Oggi alla cena di Arcore si parlerà
anche del successore di Luca Zaia
UGO MAGRI
ROMA
Sulla premessa (vera o falsa non importa) che la Lega ha stravinto le elezioni al Nord, e il Pdl invece le ha straperse, Bossi getterà lo spadone sulla bilancia. In amicizia, per carità, perché lui e Berlusconi hanno giurato a vicenda di non litigare mai più. Però ci sono un paio di questioni in sospeso che riguardano il governo e la politica di qui al 2013. Due questioni su cui la Lega vuole parole chiare già stasera, quando Silvio e Umberto si siederanno a tavola.

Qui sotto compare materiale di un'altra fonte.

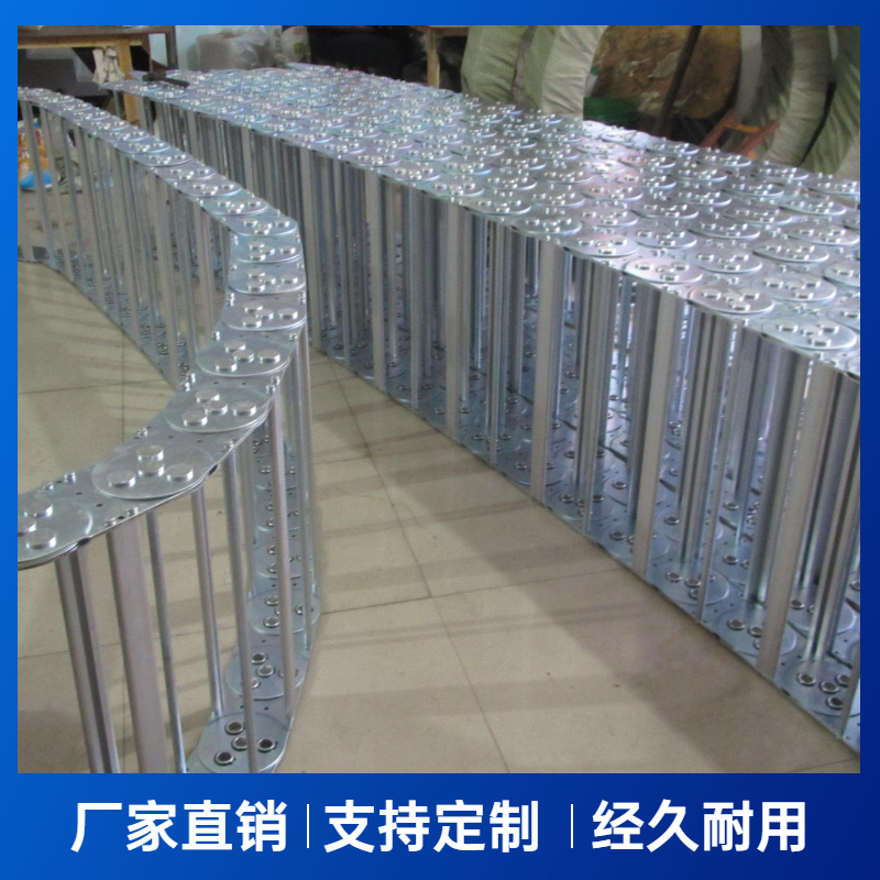 钢铝拖链的材质:冷轧钢和不锈钢。拖链的型号、拖链的总宽、拖链的长、支撑板的型式、支撑板内置孔的大小、拖链的弯曲半径。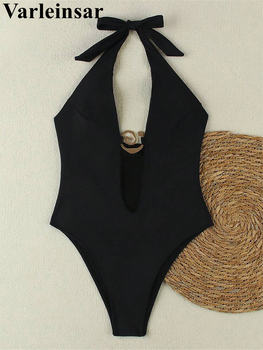 S – XL New Deep V Neck Halter Metal Ring Women Swimwear One Piece Swimsuit Female Monokini Padded Bather Bathing Suit Swim V7075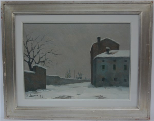 Dino Lanaro "Inverno a Thiene" 1979 olio su cartone cm 36x50 firmato e datato in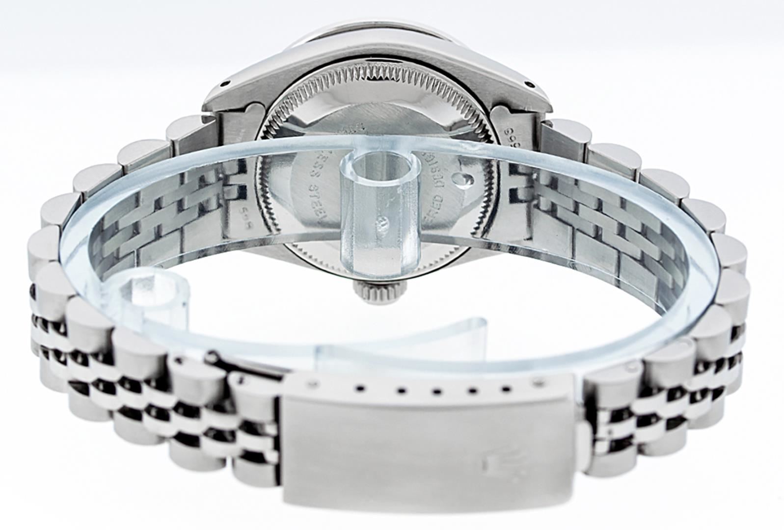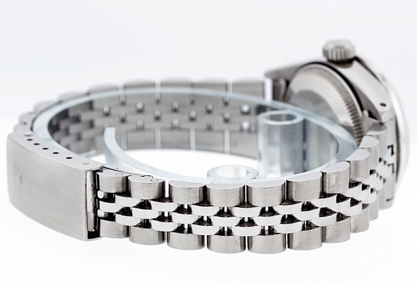 One Ladies Pre Owned Quickset Stainless Steel Rolex Datejust Polished Bright with Satin Finish, Serviced And Electronically Tested, Stainless Steel Case: 26mm, Stainless Steel Crown, Custom Bezel: New 18K White Gold Ruby Beadset Diamond Bezel, Diamond + Gem Count: 28 Diamonds + 4 Rubies. Custom Crystal: New Sapphire With Date Window. Custom Hands: New Luminescent Hands. Rolex Movement: Automatic Winding Movement 2135. Custom Dial: Custom Red Vignette Dial With Diamond Hour Markers, 10 Diamond On Dial. Date Window: 3 O'Clock Position Date Display, Model: Datejust. Condition: G-6 Extra Fine. Rolex Bracelet: Stainless Steel Jubilee Band. Bright Polish And Satin Finish. 6.0 Inch Length, Adjustable. Standard Clasp, With Rolex Logo. This Watch Has Been Serviced Time Tested And Is In Excellent Condition It Is Free Of All Scratches And Dents.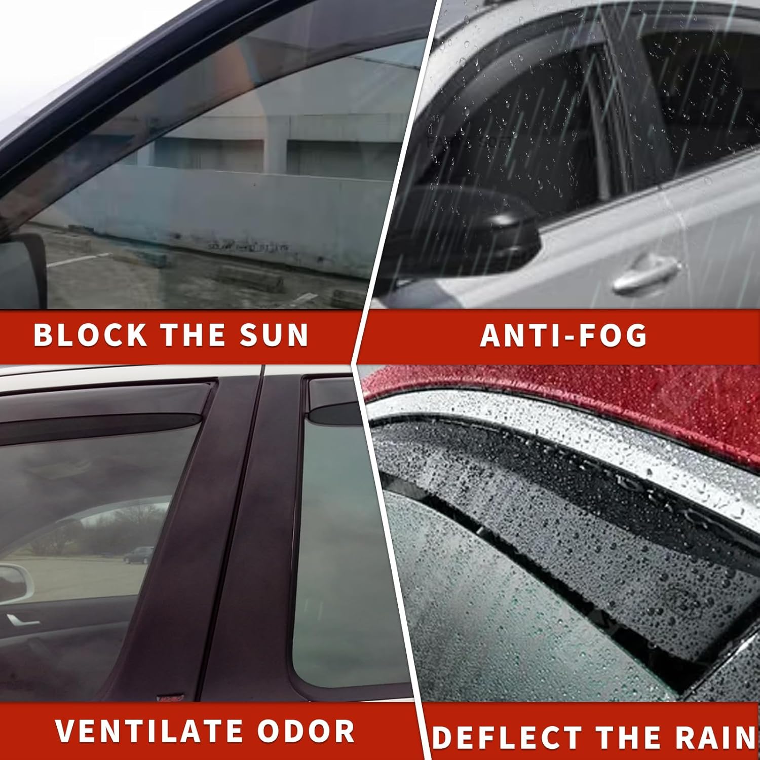- 【Improve Driving Experience】 Allows fresh air to circulate through open windows while keeping the rain out or reduces heat. Reduce mirror and window fogging; reduce sun glare through side window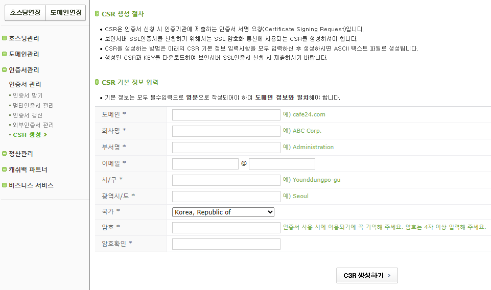 CSR은 sslcert 사이트에서 생성해도 되지만, 여기서는 카페24에서 생성해 본다.

Anzitutto, il ministero delle Politiche agricole. Chi vive in città non si rende conto di che peso abbia, e quanti voti muova, specie in Padania. Ora lì c’è Zaia, del Carroccio, che però è stato eletto governatore in Veneto. Dovrà mollarlo. E nel «do ut des» con il Piemonte, ceduto alla Lega, quel dicastero tornerà al Pdl. In teoria ci sarebbe Galan, spodestato proprio da Zaia. Ma Galan pensa di meritare ben altro. E poi la Lega gli rimprovera di avere sparso veleni, ha consegnato a Berlusconi un dossier di interviste e discorsi dove (tolta l’accusa di sbranare i bambini) Galan imputa al Carroccio la qualunque. Per cui, una volta accomodati a cena, Bossi dirà al premier: «Noi rinunciamo all’Agricoltura, d’accordo; ma chi dei vostri sarà ministro dopo Zaia, lo decidiamo noi». Quel «qualcuno» nella testa del Senatùr ha nome e cognome, si tratta di Enzo Ghigo che i leghisti considerano amico fedele. Se Berlusconi darà l’okay, al Nord passerà il messaggio che va avanti chi è gradito alla Lega, e chi non lo è viene punito duro.

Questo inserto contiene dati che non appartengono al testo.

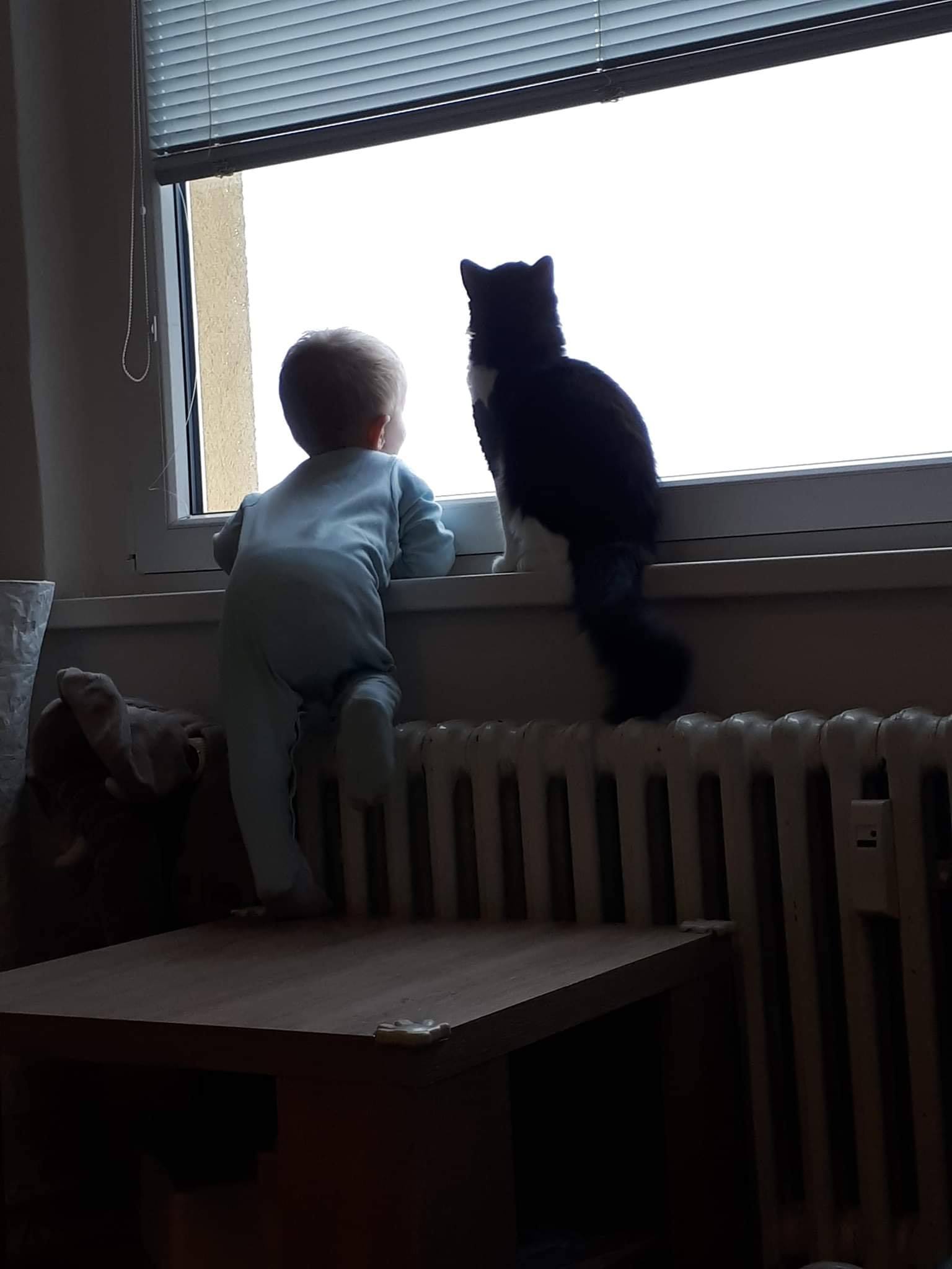 OČKO v novém domově už dlouho THEO 🐈 THEO je miláček ❤️ a rád se válí nebo s malým dvounohým kámošem pozoruje dění za oknem 😀 Posilame pozdrav do slunicka 😍 Muj maly velky rozmazlenec 💙

Qui può nascere il mugugno, i dirigenti Pdl si sentiranno sacrificati, piangeranno calde lacrime col Capo, i finiani ne profitteranno per chiedere fermezza verso il Carroccio. Ma al dunque, fra il prendere e il lasciare, si può scommettere per cosa opteranno i «berluscones». Che spargono voci incontrollate, tipo quella di Bossi deciso a reclamare qui e subito la poltrona di vice-premier per Calderoli, in modo da sancire il diverso equilibrio nel centrodestra: ipotesi che Berlusconi aveva già soppesato un anno e mezzo fa ma poi dovette abbandonare perché i vice-premier sarebbero stati due, e nel Pdl si sarebbe scatenata la rissa tra i pretendenti.
Calderoli, tra parentesi, mira più in alto: vorrebbe tracciare la rotta sulle riforme istituzionali. Ed è l’altra questione che si toccherà stasera ad Arcore, politicamente insidiosa. Bossi ricorderà al Cavaliere che ministro delle riforme, fino a prova contraria, è ancora lui. E che sua intenzione sarebbe di esercitare la delega dando credito a Calderoli. Il quale, a quel punto, tirerà fuori di tasca dei fogli con su scritta la grande riforma targata Lega: federalismo, si capisce, bilanciato dal semi-presidenzialismo alla francese. In pratica, un Capo dello Stato coi vasti poteri di Sarkozy, poi si vedrà se eletto a turno unico o a doppio turno (sistema preferito dalla sinistra italiana). Calderoli spera in questo modo di agganciare il Pd e di mettere il federalismo in cassaforte. Berlusconi verrà lusingato: «Caro Silvio, con il sistema francese potrai salire al Colle dopo Napolitano...». Se il Cavaliere non le desse retta, la Lega sarebbe pronta a tutto. Perfino a presentare in modo autonomo la sua proposta. E non sarebbe un bel segnale per la tenuta del governo.
Anche qui, però: se il progetto Calderoli va avanti, il Pdl rischia di apparire l’ennesima volta a traino. Un vagone eternamente agganciato alla «locomotiva Lega». Ecco perché il gruppo dirigente berlusconiano sta lavorando a una «proposta complessiva» sulle riforme che verrà depositata in Parlamento la prossima settimana. Già domani (nell’attesa dell’incontro chiarificatore tra il Cavaliere e Fini che ancora risulta da fissare) si riunirà l’ufficio di presidenza. Che batterà un colpo sulle riforme per dire: oltre alla Lega, esistiamo anche noi.
http://www.lastampa.it/redazione/cmsSez ... girata.asp
Il 60% degli italiani si è fatta infinocchiare votando contro il Referendum che pur tra errori vari proponeva un deciso rinnovamento del Paese...continueremo nella palude delle non decisioni, degli intrallazzi, etc etc.